For retirees in the Northern Suburbs with estates approaching or exceeding the Illinois $4 million estate tax exemption, permanent life insurance serves a distinct estate planning function: it creates a tax-free pool of assets that beneficiaries receive immediately at death, outside of probate, without any income or estate tax at the federal level (if properly structured in an ILIT). This liquidity can cover estate taxes without forcing the sale of a home or business.
The most common mistake is buying term insurance for a permanent need, or buying whole life when term would suffice at a fraction of the cost. The right structure depends on why you need coverage, income replacement (term), mortgage payoff (term), estate equalization (permanent), business continuation (permanent), or legacy planning (permanent).
Key facts
- Term life: temporary coverage at low cost, premiums are 5-15x lower than comparable whole life for the same death benefit
- Whole life: permanent coverage with guaranteed cash value growth and a fixed premium that never increases
- Death benefit from any life insurance passes income-tax-free to beneficiaries
- An Irrevocable Life Insurance Trust (ILIT) can remove life insurance proceeds from your taxable estate, avoiding both income and estate tax
- Illinois estate tax exemption: $4 million, life insurance owned outside an ILIT is included in your taxable estate
- Cash value in a whole life policy grows tax-deferred; loans against cash value are generally income-tax-free
Can I still get life insurance at 60 or 65?
Yes, many life insurance products are available through age 85 or beyond. Whole life and universal life policies are commonly issued in the 60s for estate planning purposes. Term insurance is available but premiums rise steeply with age, a 20-year term at 65 carries very high premiums because the insurer is covering your entire actuarial risk window. At this age, permanent insurance is often more cost-effective for genuine permanent needs.

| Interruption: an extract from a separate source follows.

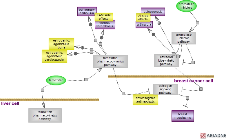 Ariadne Genomics Inc. tamoxifen aromatase inhibitor pathway --+> osteoporosis aromatase inhibitor pathway --+> arthralgia estradiol biosynthetic pathway AI side effects TAM side effects tamoxifen ---> tamoxifen pharmacodynamics pathway tamoxifen ---> tamoxifen pharmacokinetics pathway tamoxifen pharmacodynamics pathway ---| estrogen signaling pathway estrogen signaling pathway ---| breast neoplasms arthralgia osteoporosis pulmonary embolism estrogenic, agonist-like, cardiovascular tamoxifen pharmacodynamics pathway --+> venous thrombosis tamoxifen pharmacodynamics pathway --+> pulmonary embolism estradiol biosynthetic pathway ---| estrogen signaling pathway breast neoplasms tamoxifen pharmacodynamics pathway --+> estrogenic, agonist-like, cardiovascular tamoxifen pharmacodynamics pathway --+> estrogenic, agonist-like, bone aromatase inhibitors ---> aromatase inhibitor pathway venous thrombosis estrogenic, agonist-like, bone aromatase inhibitor pathway ---| estradiol biosynthetic pathway tamoxifen pharmacokinetics pathway tamoxifen pharmacodynamics pathway estrogen signaling pathway aromatase inhibitor pathway antiestrogenic, antineoplastic aromatase inhibitors

What is an Irrevocable Life Insurance Trust (ILIT) and do I need one?
An ILIT is a trust that owns a life insurance policy. Because you don't own the policy, the trust does, the death benefit is excluded from your taxable estate. For estates near or above the Illinois $4 million threshold, an ILIT is a standard tool for removing life insurance proceeds from the estate. The tradeoff is irrevocability: once established, you can't reclaim ownership of the policy. We evaluate whether an ILIT makes sense based on your estate size and insurance objectives.